> INSTRUCTIONS TO FOLLOW: Find, in the records below, the line that contains "Также отметим, что, как" and the line that contains "Mercury Systems was". Copy those two lines and everything between them exactly, but not the pictures.

** RECORDS follows **

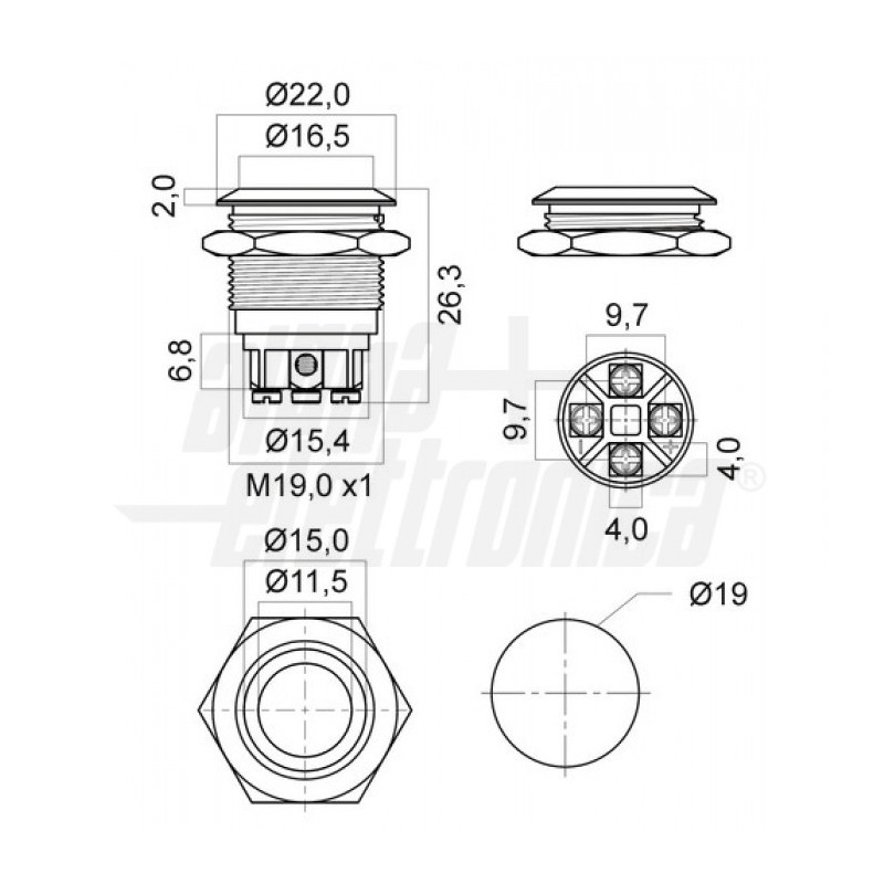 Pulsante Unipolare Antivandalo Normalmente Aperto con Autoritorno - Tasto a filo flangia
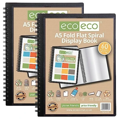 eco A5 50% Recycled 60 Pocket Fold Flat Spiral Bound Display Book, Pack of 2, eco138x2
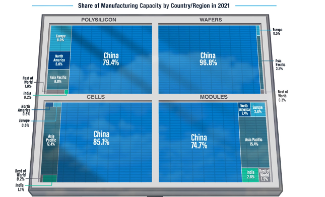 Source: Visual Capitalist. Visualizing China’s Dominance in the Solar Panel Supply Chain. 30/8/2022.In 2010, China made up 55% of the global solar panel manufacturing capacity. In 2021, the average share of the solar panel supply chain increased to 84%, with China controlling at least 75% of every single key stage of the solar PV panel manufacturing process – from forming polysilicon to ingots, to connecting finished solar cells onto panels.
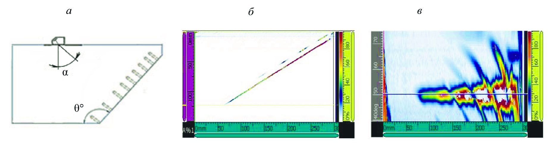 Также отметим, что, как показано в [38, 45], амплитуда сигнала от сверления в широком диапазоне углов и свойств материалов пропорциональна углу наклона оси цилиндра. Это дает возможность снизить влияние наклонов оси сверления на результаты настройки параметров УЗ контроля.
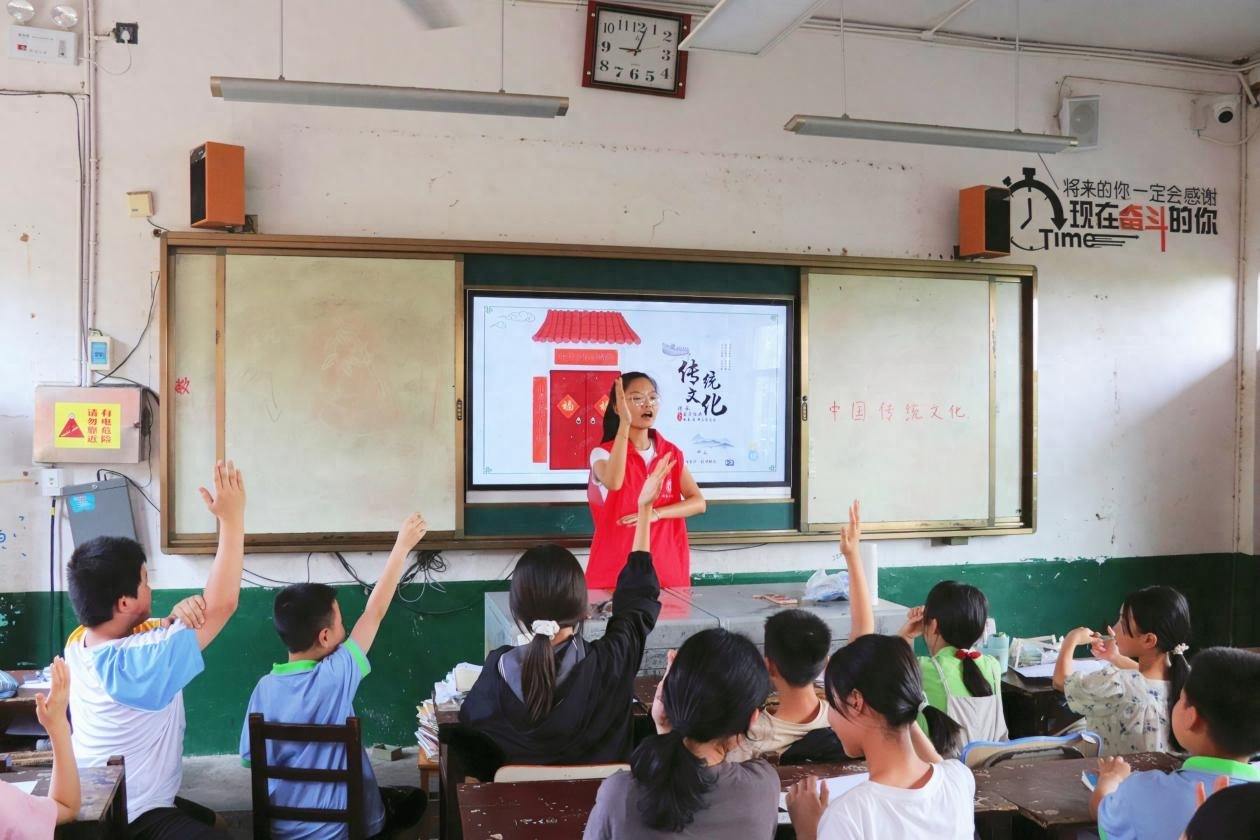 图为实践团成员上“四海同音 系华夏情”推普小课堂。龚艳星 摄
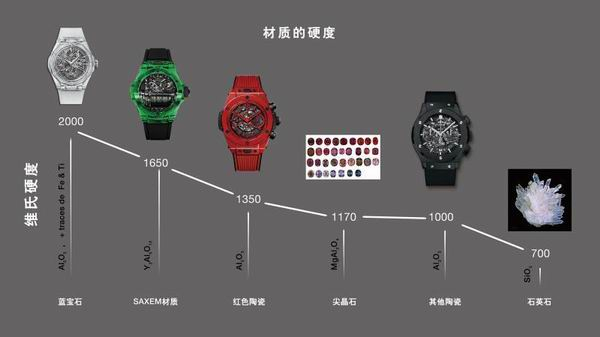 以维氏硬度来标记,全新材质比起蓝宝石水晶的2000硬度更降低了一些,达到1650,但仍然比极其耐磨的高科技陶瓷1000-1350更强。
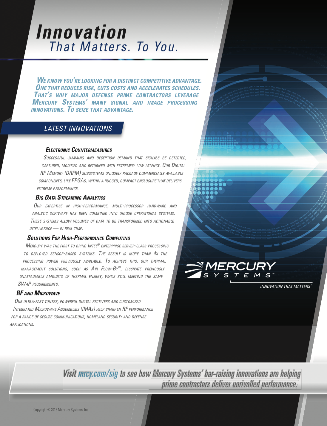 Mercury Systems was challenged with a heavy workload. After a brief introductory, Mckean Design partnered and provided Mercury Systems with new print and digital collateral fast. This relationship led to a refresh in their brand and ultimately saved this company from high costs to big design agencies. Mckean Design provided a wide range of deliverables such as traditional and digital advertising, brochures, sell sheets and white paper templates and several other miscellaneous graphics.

** End of RECORDS **
** RECORDS follows **

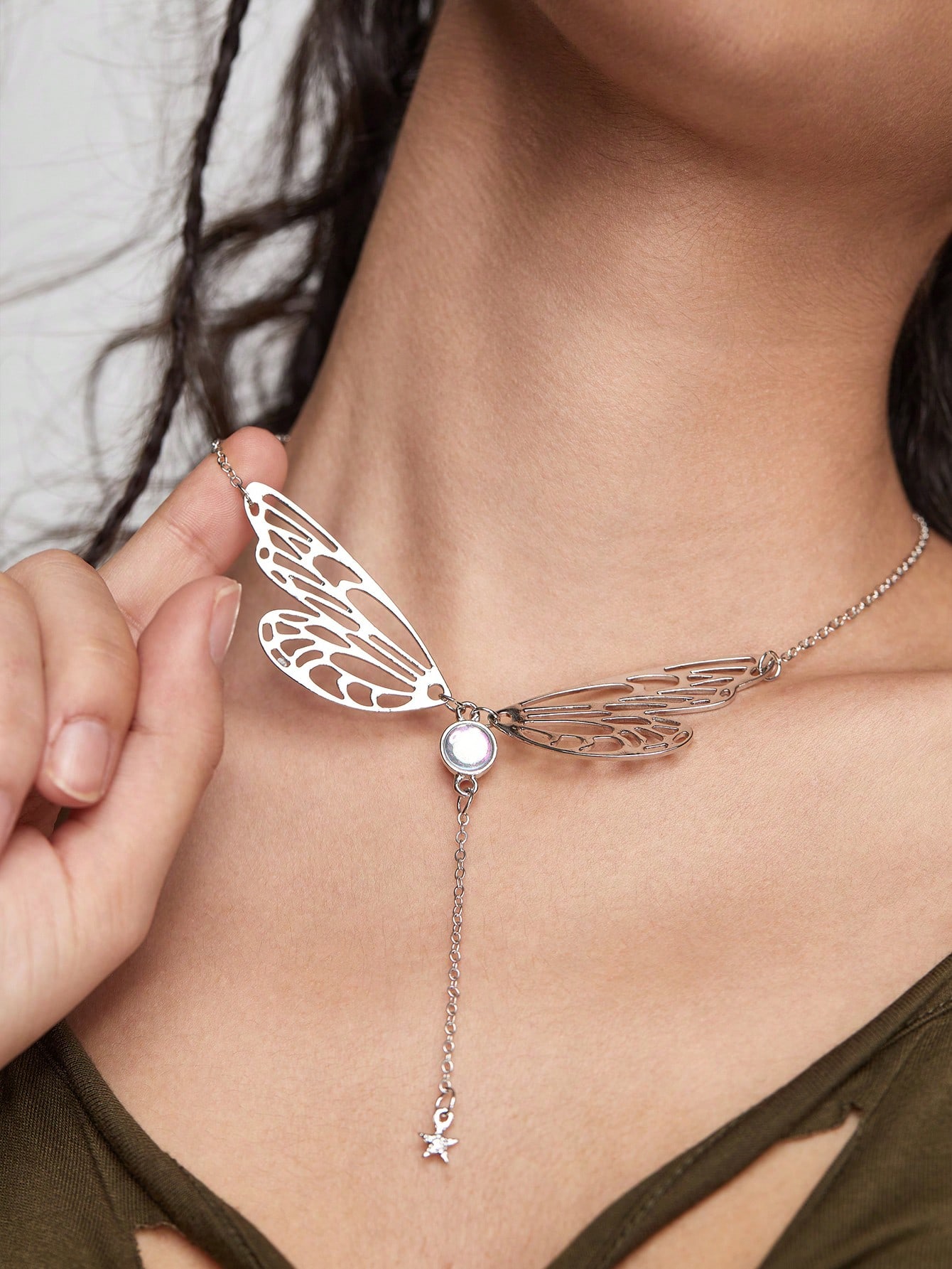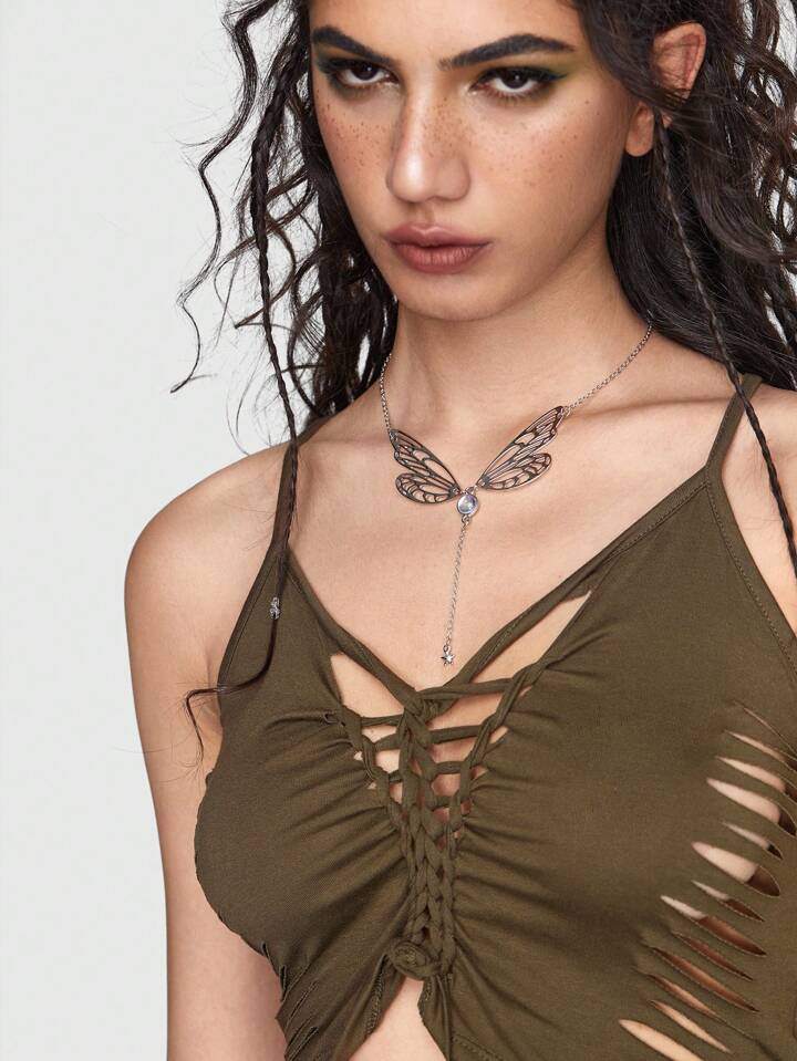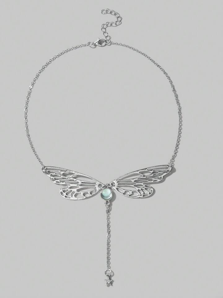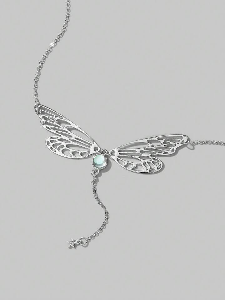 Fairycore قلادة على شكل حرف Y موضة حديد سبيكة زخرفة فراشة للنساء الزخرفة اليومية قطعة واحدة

** End of RECORDS **

> WRITTEN SOLUTION:
 Также отметим, что, как показано в [38, 45], амплитуда сигнала от сверления в широком диапазоне углов и свойств материалов пропорциональна углу наклона оси цилиндра. Это дает возможность снизить влияние наклонов оси сверления на результаты настройки параметров УЗ контроля.
 图为实践团成员上“四海同音 系华夏情”推普小课堂。龚艳星 摄
 以维氏硬度来标记,全新材质比起蓝宝石水晶的2000硬度更降低了一些,达到1650,但仍然比极其耐磨的高科技陶瓷1000-1350更强。
 Mercury Systems was challenged with a heavy workload. After a brief introductory, Mckean Design partnered and provided Mercury Systems with new print and digital collateral fast. This relationship led to a refresh in their brand and ultimately saved this company from high costs to big design agencies. Mckean Design provided a wide range of deliverables such as traditional and digital advertising, brochures, sell sheets and white paper templates and several other miscellaneous graphics.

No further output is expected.